Start of Input data

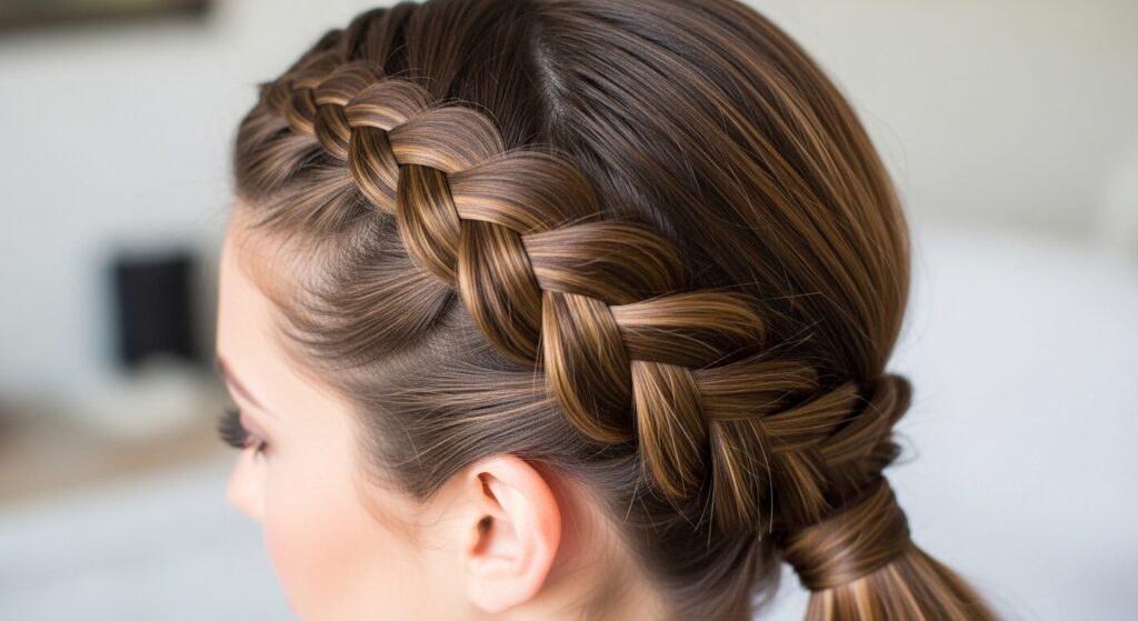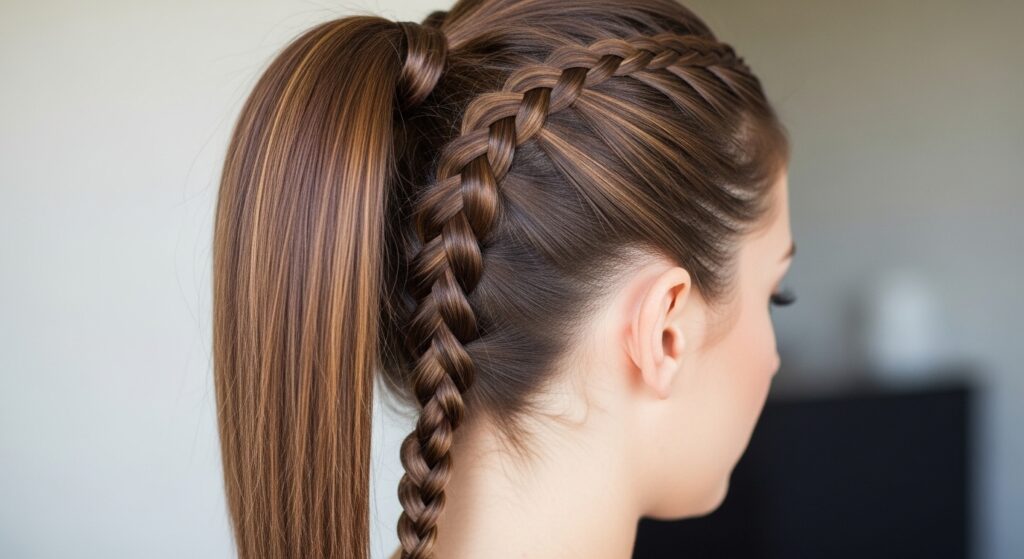 This is the perfect entry point for beginners. Start a French braid at one temple, gradually incorporating hair as you work diagonally across the back of your head to the opposite side. Once you reach the nape, gather all remaining hair and secure it into a low or mid-height ponytail. The result is a romantic, asymmetrical detail that softens the face and adds instant sophistication to a simple ponytail.
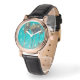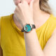 Um relógio com uma bela fotografia. Palmeiras altas com troncos longos e finos em frente a um lindo céu verde. Esquema de cor retrorativa. Relaxando e relaxando.
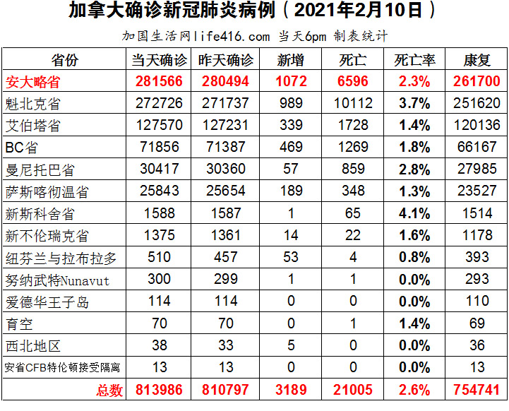 【加国生活网编译报道】截至2021年2月10日下午6点,加拿大新冠确诊病例总数为813986(新增3189),死亡21005(新增95例)。安省确诊总数281566(新增1072);魁省确诊总数272726(新增989);艾省确诊总数127570(新增339);BC省确诊总数71856(新增469);曼省确诊总数30417(新增57);萨省确诊总数25843(新增189)。纽芬兰和拉布拉多省当天爆增53例创自疫情以来最高记录,加拿大首席卫生官警告各省变异病毒会使疫情逆转;安省当天新增1,072例确诊病例,省府已经对95%的长期护理院居民进行了疫苗接种。加国生活网专门制作了如下统计数据表:
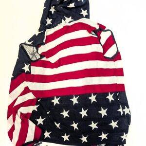 Say What? Red White & Blue USA Flag Fringe Hooded Cardigan Women's Size Medium
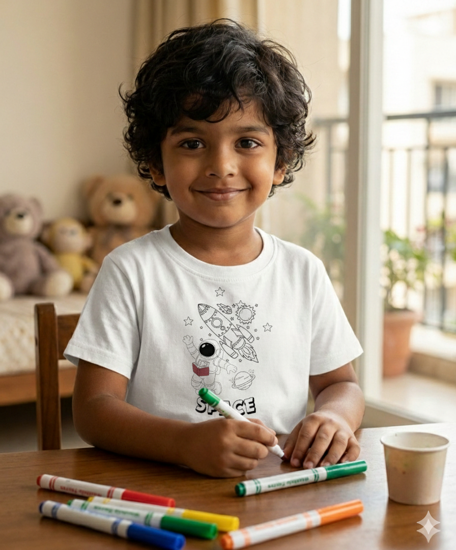 Unleash Creativity with Our Colour-In SpaceT-Shirt
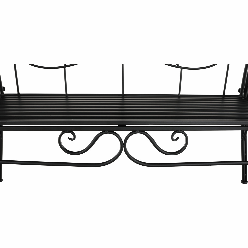 Materiál: kov Barva: černá Rozměry (ŠxHxV): 114x42x210 cm Šířka sezení: 110 cm Výška sezení: 46 cm Hloubka sezení: 40 cm Nosnost: 160 kg Hmotnost: 13 kg S pergolou Elegantní design Romantický vzhled Na zahradu nebo terasu Dodávána v demontu Hmotnost: 14.5kg
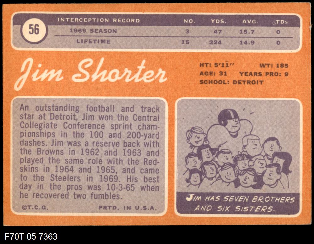 | 1970 Topps #56 Jim Shorter | 5 - EX | Front | Back |
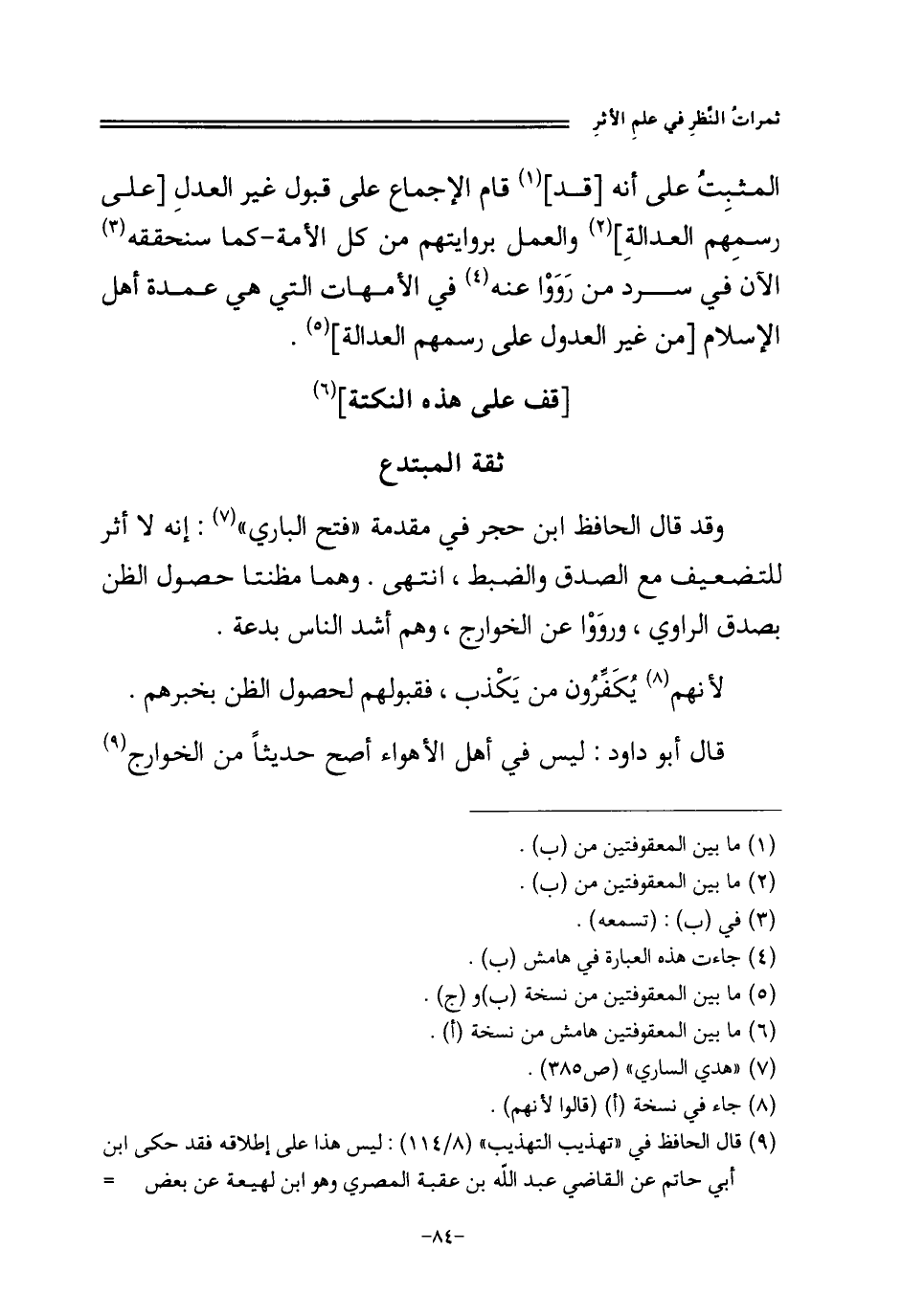 الْمُثبت على أَنه قد قَامَ الْإِجْمَاع على قبُول غير الْعدْل على رسمهم الْعَدَالَة وَالْعَمَل بروايتهم من كل الْأمة كَمَا سنحققه الْآن فِي سرد من رووا عَنهُ فِي الْأُمَّهَات الَّتِي هِيَ عُمْدَة أهل الْإِسْلَام من غير الْعُدُول على رسمهم الْعَدَالَة
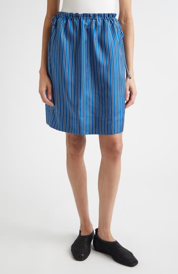 This vibrant skirt is cut from lustrous striped silk twill and cinched with drawstrings that dangle gracefully down the sides.
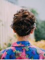 全体をなみ巻きします。ざっくり分けとってくるりんぱをします。アンダーは逆巻きにしてシニヨンを作ります。カジュアルにもエレガントにも多用できるスタイルです。
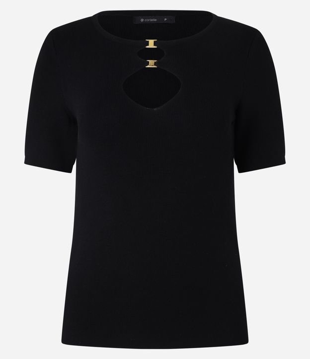 Blusa Ajustada em Tricô com Aberturas Afiveladas Preto
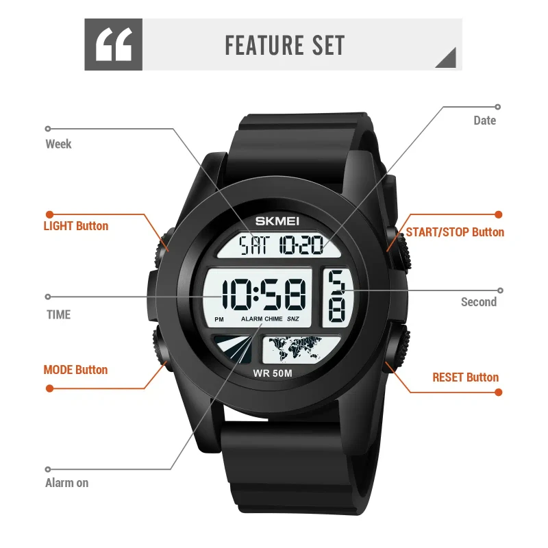 Skmei -montre numérique multifonction pour homme, Chronographe 1906

End of Input data

◆ Your goal
Pictures excluded, set down all the entries exactly.

◆ Reply
 This is the perfect entry point for beginners. Start a French braid at one temple, gradually incorporating hair as you work diagonally across the back of your head to the opposite side. Once you reach the nape, gather all remaining hair and secure it into a low or mid-height ponytail. The result is a romantic, asymmetrical detail that softens the face and adds instant sophistication to a simple ponytail.
 Um relógio com uma bela fotografia. Palmeiras altas com troncos longos e finos em frente a um lindo céu verde. Esquema de cor retrorativa. Relaxando e relaxando.
 【加国生活网编译报道】截至2021年2月10日下午6点,加拿大新冠确诊病例总数为813986(新增3189),死亡21005(新增95例)。安省确诊总数281566(新增1072);魁省确诊总数272726(新增989);艾省确诊总数127570(新增339);BC省确诊总数71856(新增469);曼省确诊总数30417(新增57);萨省确诊总数25843(新增189)。纽芬兰和拉布拉多省当天爆增53例创自疫情以来最高记录,加拿大首席卫生官警告各省变异病毒会使疫情逆转;安省当天新增1,072例确诊病例,省府已经对95%的长期护理院居民进行了疫苗接种。加国生活网专门制作了如下统计数据表:
 Say What? Red White & Blue USA Flag Fringe Hooded Cardigan Women's Size Medium
 Unleash Creativity with Our Colour-In SpaceT-Shirt
 Materiál: kov Barva: černá Rozměry (ŠxHxV): 114x42x210 cm Šířka sezení: 110 cm Výška sezení: 46 cm Hloubka sezení: 40 cm Nosnost: 160 kg Hmotnost: 13 kg S pergolou Elegantní design Romantický vzhled Na zahradu nebo terasu Dodávána v demontu Hmotnost: 14.5kg
 | 1970 Topps #56 Jim Shorter | 5 - EX | Front | Back |
 الْمُثبت على أَنه قد قَامَ الْإِجْمَاع على قبُول غير الْعدْل على رسمهم الْعَدَالَة وَالْعَمَل بروايتهم من كل الْأمة كَمَا سنحققه الْآن فِي سرد من رووا عَنهُ فِي الْأُمَّهَات الَّتِي هِيَ عُمْدَة أهل الْإِسْلَام من غير الْعُدُول على رسمهم الْعَدَالَة
 This vibrant skirt is cut from lustrous striped silk twill and cinched with drawstrings that dangle gracefully down the sides.
 全体をなみ巻きします。ざっくり分けとってくるりんぱをします。アンダーは逆巻きにしてシニヨンを作ります。カジュアルにもエレガントにも多用できるスタイルです。
 Blusa Ajustada em Tricô com Aberturas Afiveladas Preto
 Skmei -montre numérique multifonction pour homme, Chronographe 1906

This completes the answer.